In Europa werden Projekte zur Verlagerung und Rückgewinnung von Industrien als Teil einer Strategie zur Stärkung der nationalen Sicherheit und zur Anpassung an veränderte geopolitische Bedingungen aktiv unterstützt. Viele Länder, wie Deutschland und Italien, konzentrieren sich auf die Wiederherstellung verlorener Produktionskapazitäten, insbesondere in strategischen Verteidigungs- und High-Tech-Industrien. Zu diesen Bemühungen gehören die Schaffung neuer Produktionslinien, die Modernisierung bestehender Anlagen und die Entwicklung additiver Technologien wie 3D-Druck zur Beschleunigung der Produktion von Schlüsselkomponenten.

Die europäischen Regierungen investieren aktiv in solche Projekte und bieten Subventionen und steuerliche Anreize, um die Rückkehr der Produktion auf den Kontinent zu fördern. Diese Maßnahmen zielen nicht nur darauf ab, die wirtschaftliche Nachhaltigkeit zu verbessern, sondern auch die technologische Unabhängigkeit Europas von externen Lieferanten zu gewährleisten.
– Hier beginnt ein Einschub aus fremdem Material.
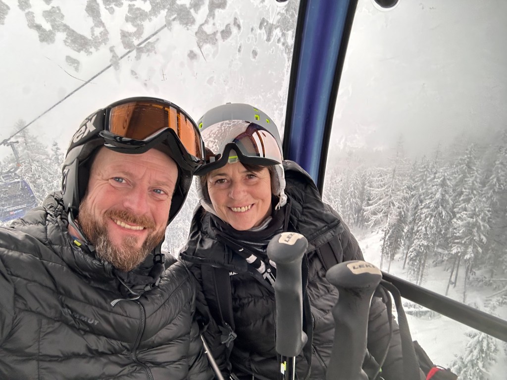 Voll früh waren wir um halb 10 am Lift… fuhren hoch… Nebel und Schnee.. gar nicht schön… und meine Beinchen waren so MonsterSchlapp, dass ich alle 10 Meter Pause machen musste… also… überhaupt nicht mein Tag und… ICH MUSS SPORT MACHEN! 🤮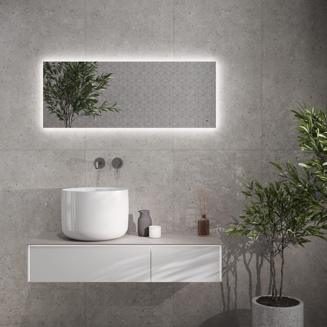 Современные тумбы Маджика представлены в размерах 90 см (с одним ящиком) и 120 см (с двумя ящиками). На выбор для создания ванной комнаты предлагаются три цвета фасадов и корпуса: утренний серый матовый, вечерний серый матовый и венецианский красный матовый. В мебели Маджика реализована двойная сенсорная подсветка: изящным контуром подчеркнут фаcад, дополнительное интерьерное освещение предусмотрено в нижней части, что делает тумбу визуально невесомой.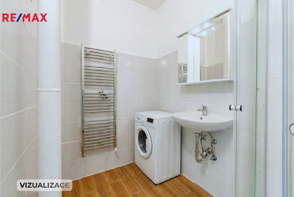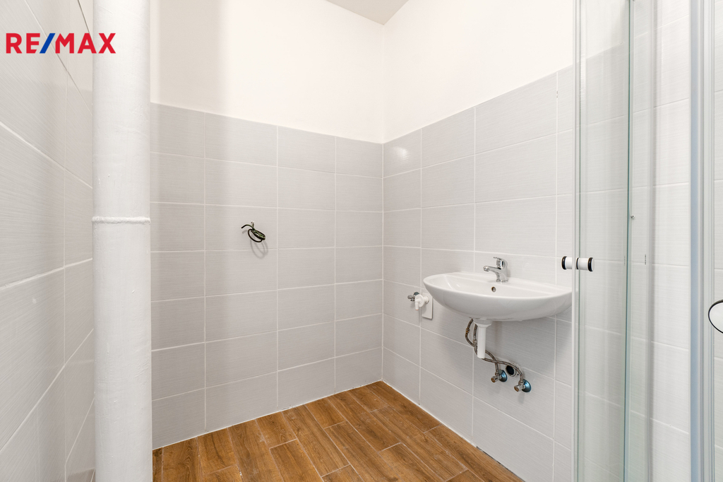 Nové zděné jádro: Koupelna a samostatné WC jsou po rekonstrukci včetně nových rozvodů vody a elektroinstalace v těchto částech. Designové obklady a sanitární technika odpovídají současným standardům.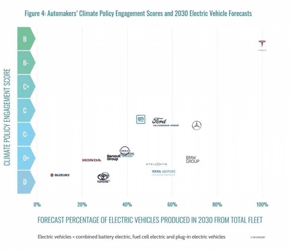 因此,根据 InfluenceMap 的评估,没有一家汽车制造商的得分能达到 B 级,如果忽略特斯拉,则没有一家能达到 C 级。与此同时,该智库指出,在接受评估的 15 家公司中,只有特斯拉、奔驰和宝马 3 家正在按计划生产足够数量的绿色环保汽车,以避免气候灾难的发生。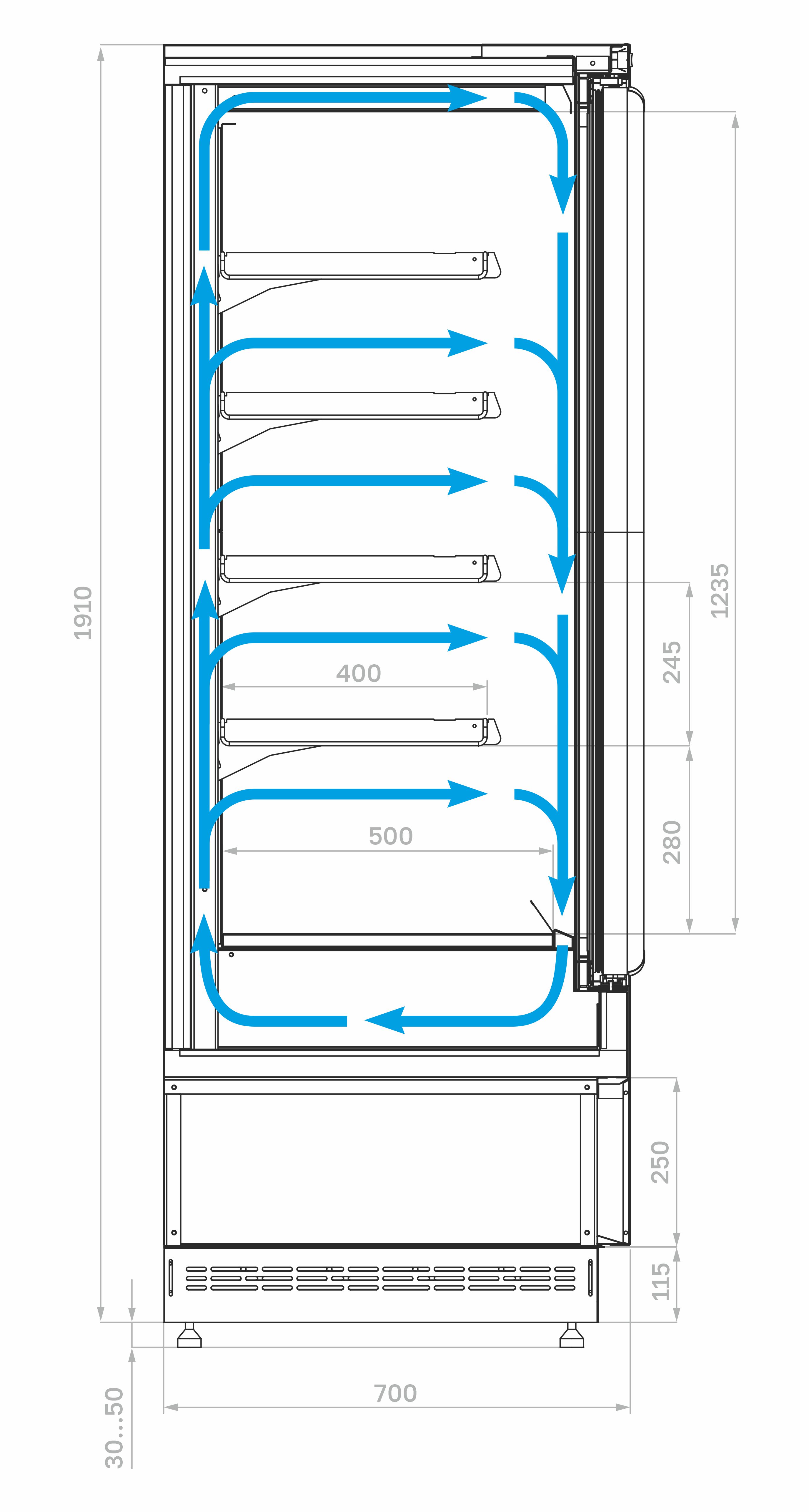 Модель оборудована четырьмя рядами навесных решетчатых полок с ограничителями, двумя распашными дверями с рукоятками по всей длине створок, глухими боковинами и подставкой с фронтальной термовыводящей и цокольной решётками. Корпус прямоугольной формы изготовлен из стали с антикоррозийным покрытием: внешние панели и полки выполнены в сером цвете (RAL 9006), а цоколь и дверные рамы — в чёрном цвете (RAL 9005). В качестве теплоизоляции используется пенополиуретан.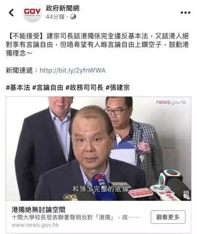据香港政府新闻网9月16日消息,张建宗今日出席活动后会见媒体时说,鼓吹“港独”是挑战国家主权和领土完整的底线,不能容忍。他希望校方妥善处理,让事件告一段落,同学也应集中精神讨论其他议题。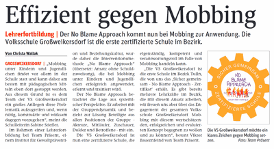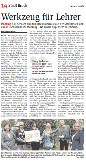 über das Projekt, welches wir gemeinsam mit dem Römerland Carnuntum und den Schulen der Regiom umsetzen konnten. Als erste Stadt in Österreich sind alle Schulen der Stadt Bruck an der Leitha und insgesamt 19 Schulen der Region nun "Sicher gemeinsam" - zertifiziert und haben an der Schule Lehrkräfte, die im Fall von Mobbing mit dem No Blame Approach intervenieren können.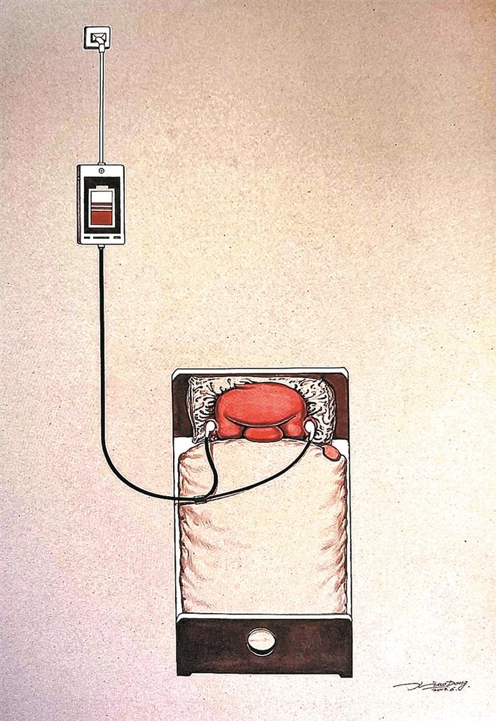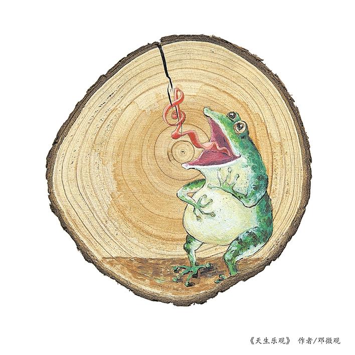 上榜漫畫家鄧微觀系深圳市寶安區(qū)打鐵文藝社社長(zhǎng),其《感物系列》以見物興感為主線,展開豐富的想象力,用動(dòng)物擬人的方式幽默詼諧地抒發(fā)人生感悟,讓人會(huì)心一笑之余引起共鳴,令觀眾感嘆藝術(shù)家的漫無邊際的“腦洞”。對(duì)于作品首次入選國內(nèi)美術(shù)界規(guī)格最高的國展,鄧微觀很興奮:“這是對(duì)我這個(gè)系列作品的高度肯定。”《感物系列》系列作品源于他閑逛發(fā)呆時(shí)的想象碎片,將這個(gè)碎片貫穿就成了這個(gè)系列作品。鄧微觀在茶余飯后經(jīng)常到鐵崗的西鄉(xiāng)河邊散步,河中不時(shí)傳來低頻厚實(shí)的“男低音”引起他的注意,此起彼伏,聽來如交響曲一般通達(dá)舒暢。他循聲尋覓,原來是蛤蟆的聲音,只見這些“音樂家”在下水道洞口,在草叢中,河道縫中快樂地歡唱……這些天生的樂觀者給鄧微觀帶來美妙的心情,所以創(chuàng)作了這幅《天生樂觀》。再如《三餐之余》,有時(shí)飯后經(jīng)常會(huì)在茶幾前發(fā)發(fā)呆,思考人生不應(yīng)該只是面包和蘋果,還應(yīng)有點(diǎn)別的……

Infolgedessen sind der Aufbau von Verteidigungskapazitäten und die Wiederherstellung wichtiger Industrieketten zu Prioritäten vieler Länder geworden, die ihre Sicherheit angesichts der globalen Herausforderungen stärken wollen.

Schlussfolgerung

Europa ist aktiv dabei, verlorene Produktionskapazitäten zurückzugewinnen, was seine wirtschaftliche und technologische Unabhängigkeit stärkt. Diese Bemühungen spiegeln die Bedeutung der Reindustrialisierung für die Sicherheit und Wettbewerbsfähigkeit in der globalen Arena wider. Die Reindustrialisierung in Europa wird in den kommenden Jahren nur an Dynamik gewinnen und zur nachhaltigen Entwicklung des Kontinents beitragen.